Une contribution internationale
La contribution scientifique du Dr Muyembe-Tamfum ne se limite pas à la maladie à virus Ebola, elle couvre également un large éventail de maladies. Le médecin, en tant que directeur de l’INRB, il a renforcé les capacités de cet institut de recherche médicale dans divers domaines . Il a mis en place une infrastructure de recherche et de surveillance des maladies évitables par la vaccination telles que la poliomyélite, la rougeole et la fièvre jaune, sur les zoonoses telles que le monkeypox et la fièvre hémorragique virale, et sur les infections respiratoires aiguës telles que la grippe et la résistance de la tuberculose et des entérobactéries aux antibiotiques. Il a reçu le Prix Christophe Mérieux de l’Institut de France en 2015 pour ses grandes réalisations et ses contributions dans le domaine de la recherche sur les maladies infectieuses en Afrique.
Un grand formateur
La contribution du Dr Muyembe-Tamfum à l’éducation est également remarquable. Après avoir servi à la faculté de médecine de l’université de Kinshasa pendant plus de 40 ans, il a formé plus de 1000 jeunes chercheurs en RDC. En outre, il est depuis 1998 directeur général de l’INRB, qui est chargé de la formation des chercheurs en biomédecine. De nombreux diplômés de ses programmes jouent désormais un rôle essentiel dans la lutte contre les maladies infectieuses dans le monde. Il a également contribué à la création de l’école de santé publique de Kinshasa (ESPK, RDC).

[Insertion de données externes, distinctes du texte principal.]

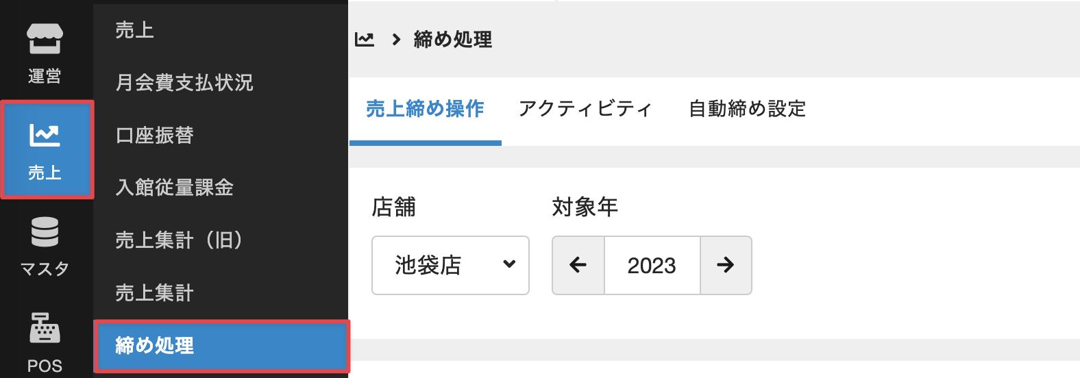 - 管理サイトのサイドバーから[売上]>[締め処理]を選択します。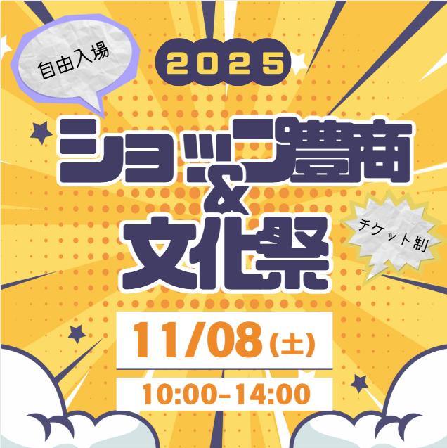 ※今年度のショップ豊商はフリー入場ですが、文化祭(生徒棟など)への入場は、一般・在校生家族は在校生が配布しているチケットが必要です。

Le Dr Muyembe-Tamfum a créé des réseaux et établi des partenariats internationaux hors d’Afrique, tels qu’avec le Centre international de recherches médicales de Franceville (Gabon) ; l’Institut national des maladies transmissibles (Afrique du Sud) ; l’école de médecine vétérinaire de l’université de Zambie ; l’Institut de recherche médicale Noguchi Memorial (Ghana) ; l’Institut de médecine tropicale, Anvers (Belgique) ; l’Institut de recherche pour le développement, Université de Montpellier (France) ; l’Institut Robert Koch, Berlin (Allemagne) ; l’US Center for Disease Control et Prévention Atlanta (États-Unis) ; les Instituts nationaux de la santé (États-Unis), l’Université de Californie à Los Angeles (UCLA) ; l’Agence de la santé publique du Canada (Canada) et les institutions de recherche japonaises, notamment l’Institut national des maladies infectieuses (Tokyo), Hokkaido Université (Sapporo) ; l’Université de Nagasaki (Nagasaki) et le Centre national de la santé mondiale et de la médecine (Tokyo).